By Mata’afa Keni Lesa

APIA, Samoa (Samoa Observer, Sept. 2, 2014) – Prime Minister, Tuilaepa Sa’ilele Malielegaoi, was yesterday voted as the President of the 2014 United Nations Third Small Island Developing States (S.I.D.S) Conference.

In handing over the Chair, the United Nations Secretary-General, Tupua Ban Ki Moon, praised Tuilaepa’s "leadership" and "vision" for rallying Samoa to come together to host the world in Apia.

Decked out in a blue elei-print shirt with a red ulafala, President Tuilaepa wasted little time.

"Our conference is being held on the threshold of some very important events, not only for S.I.D.s but for all the human family," he said during his maiden speech as the President of the conference.

Referring to the upcoming Climate Summit in New York in three weeks time to be hosted by Tupua Ban, Tuilaepa said leaders should take the lead, to support an ambitious climate change treaty in 2015.

"We should announce bold commitments of what we can do, not what others should do," said Tuilaepa.

The Prime Minister said the outcome of the New York summit should send a clear signal to the Lima conference "to negotiate in earnest and in good faith so that Paris becomes the conference of hope for S.I.D.S in 2015."

Tuilaepa reminded that 20 years ago at the Earth Summit in Rio, the Alliance of Small Islands States insisted on placing climate change on the international agenda.
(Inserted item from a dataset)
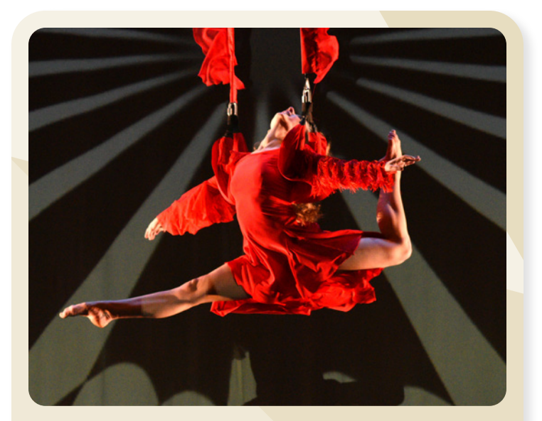
Artist Series Tickets start at $20

This has remained a priority item since then.

But President Tuilaepa is not happy.

"Our message is the same today as it was in Rio in 1992 and that is climate change is a global problem and yet international action to address it remains grossly inadequate," he said. "Small island states contribute the least to the causes of climate change yet suffer the most from its effects."

The conference’s President said "sympathy and pity will not provide solace nor halt the disastrous impact of climate change." This is why S.I.D.S are calling on "our global partners to step forward and commit to address once and for all the root causes of climate change.

"And in the implementation of your national commitments, S.I.D.S’ vulnerability should not be advanced or used as the reason for doing so. What individual countries do is first and foremost for the benefit of your people and their own economies by necessity and survival."

As for S.I.D.S, Tuilaepa said they have no choice but to mitigate and adapt to the changing environment no matter what.

"It is the future of our people that is at stake, hence why we have to act now, not tomorrow, with or without the support of others."

Tuilaepa also urged organisers to take concrete steps to stem rising sea levels, noting that critical problems do not recognise borders and hold no respect for sovereignty.

"The big problems of our small islands will sooner rather than later impact every country irrespective of level of development of prosperity," he said.

"There are always great opportunities to deliver moralistic statements and declarations of intent. But grandstanding won't achieve our cause."

Sharing the podium with Tuilaepa was Tupua Ban who urged the international community to support sustainable development in S.I.D.S through multi-stakeholder partnerships.

"By addressing the issues facing S.I.D.S we are developing the tools we need to promote sustainable development across the entire world," Tupua said.

Speaking about the climate Summit on 23 September at UN Headquarters in New York, Tupua said the conference is meant to catalyse action and build momentum for a climate agreement to be discussed next year in Paris.

"S.I.D.S will have an important role to play. You can tell the largest emitters what action you expect from them. And you can show how you are working to build resilience and create the green economies of the future.

"You can set an example for the world."

According to the UN New Centre, S.I.D.S is being held in the Pacific to demonstrate first-hand the challenges and opportunities facing countries in the "small island developing states" group.

These include high costs for energy and transportation, susceptibility to natural disasters, and vulnerability to external shocks.

The island nations are also prime destinations for tourism, naturally endowed with 'green energy' resources like sun and wind, and driving so-called 'blue growth' economy linked to marine and maritime sectors.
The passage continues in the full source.